MS7-13 - Recent advancements in Polytopal Methods for Fluid Mechanics

L. Beirao da Veiga (Dipartimento di Matematica e Applicazioni, Università di Milano-Bicocca), D. Di Pietro (University of Montpellier) and G. Vacca (Dipartimento di Matematica, Università degli Studi di Bar)
The development and analysis of numerical methods for the approximation of Partial Differential Equations (PDEs) on polygonal and polyhedral meshes has now reached a fairly mature stage, drawing the attention of an increasing number of researchers. Indeed, polytopal grids offer a very convenient framework to handle, for instance, hanging nodes, different cell shapes within the same mesh, and non-matching interfaces.
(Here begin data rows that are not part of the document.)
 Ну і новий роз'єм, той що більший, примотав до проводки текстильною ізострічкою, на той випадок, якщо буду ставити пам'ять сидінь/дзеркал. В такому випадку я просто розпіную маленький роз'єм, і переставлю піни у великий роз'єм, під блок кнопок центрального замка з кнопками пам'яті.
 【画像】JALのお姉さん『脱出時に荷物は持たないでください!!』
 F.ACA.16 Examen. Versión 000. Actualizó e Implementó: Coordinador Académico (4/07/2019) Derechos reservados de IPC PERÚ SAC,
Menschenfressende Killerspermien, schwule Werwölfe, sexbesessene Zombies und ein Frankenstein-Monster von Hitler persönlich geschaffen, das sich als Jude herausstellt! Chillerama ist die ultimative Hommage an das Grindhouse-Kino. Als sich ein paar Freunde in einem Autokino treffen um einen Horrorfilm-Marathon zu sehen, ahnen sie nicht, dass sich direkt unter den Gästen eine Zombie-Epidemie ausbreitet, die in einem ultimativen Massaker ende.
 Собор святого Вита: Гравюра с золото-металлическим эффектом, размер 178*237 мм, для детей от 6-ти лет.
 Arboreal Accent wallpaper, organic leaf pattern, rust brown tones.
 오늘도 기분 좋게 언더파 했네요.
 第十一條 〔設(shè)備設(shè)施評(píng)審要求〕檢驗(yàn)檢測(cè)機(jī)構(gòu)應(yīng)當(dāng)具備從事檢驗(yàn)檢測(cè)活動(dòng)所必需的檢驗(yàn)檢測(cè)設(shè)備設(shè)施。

Such a flexibility represents a powerful tool towards the efficient solution of problems with complex inclusions (as in geophysical flows) or posed on very complicated or possibly deformable geometries (as encountered in reservoir simulations, fluid-structure interaction, deforming meshes in Lagrangian fluid simulation, crack propagation, contact problems, etc..). In recent years, several discretization methods for polygonal and polyhedral meshes have been developed and there are strong connections among them. The aim of this Mini Symposium is to bring together experts in the field, with a particular focus on the successful Virtual Element [1,2] and Hybrid High Order / Discrete de Rham [3,4] methods (see [5] for bridges between these technologies), in order to have a wide view on the most recent polytopal advancements in the realm of fluid-dynamics.